Will you believe it, I have written a few words today! Or translated them, to be precise.
My main goal right now is still to finish a Danish novella soon (c 20,00 words – hope to have a first draft of sorts before Christmas), but plan B is to translate parts of my Danish debut, “Anna Märklin´s Family Chronicles” on days when I am not up to writing new scenes.
It even feels like a good plan, seeing that “Anna Märklin” is still # 24 on Saxo´s bestseller list. If it sells in Denmark, it may also do so abroad.
And here for the promised teaser. Please tell me if this makes sense at all.
Anna kept her eyes on Karin´s spice rack. It hung precisely at her eye level which meant around one hundred and sixty centimetres above the floor. Tiny glass cylinders with basil, cardamom, curry, dill, marjoram, oregano, paprika, thyme, all written in flourishing letters. If you discounted the tall salt and pepper mills in beechwood, Karin´s modest collection of spices were lined up in alphabetical order with uniform army green forage cap screw tops. Anna didn´t know how long she had been breathing through her mouth. She forced herself not to look at the floor.
Oh, that is great! I can guess what’s on the floor! You completely reeled me in!
I can certainly imagine what’s one the floor, too! I’m wondering…is Anna standing there in shock or is she tied up and unable to move?
Cathryn: I expected you to smell the …. on the floor 😉
Kelly: I am glad it works. And I know this short paragraph isn´t exactly self-explanatory, but as long as it catches your attention…
I also wondered if this description made sense: “… spices were lined up in alphabetical order with uniform army green forage cap screw tops” – linguistically, it works extremely well in Danish, but if it sounds silly or confusing, I´d better drop it in English.
It seems a bit wordy to me, but it does set an image in my mind.
Kelly: I agree – in Danish it is fewer words (and a fine pun). I´ll have to fix it at some point.
I’m a visual person and appreciate descriptive details as long as they are not too long. I can’t imagine what’s on the floor. Not the spices as the vials are not broken…
I cannot imagine being able to translate something into another language so well.

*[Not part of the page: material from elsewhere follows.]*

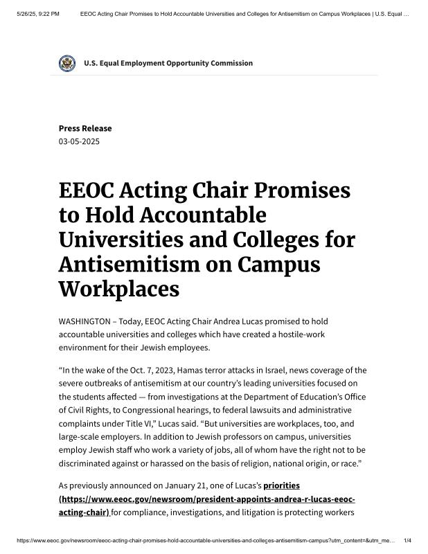 dropbox/COLLECTION- Legal/EEOC/EEOC Acting Chair Promises to Hold Accountable Universities and Colleges for Antisemitism on Campus Workplaces _ U.S. Equal Employment Opportunity Commission.pdf

Harvee: well, there is no need to keep it secret as the next few lines would reveal that it was a body anyway 🙂
Patti: thank you. It is not necessarily as easy as writing in English in the first place so I have learnt that even with your own work it takes lots of time and effort.
I figured it was a body on the floor since she’s trying so hard not to look at it. This is a good teaser that has me wondering about the rest of the story. I really admire you for sticking to your writing despite health issues. I know from my own experience how difficult that is. I bow to you, my friend.
Barbara: what a kind comment, thank you. And the novel does reasonably well in Denmark (have got two very positive reviews so far).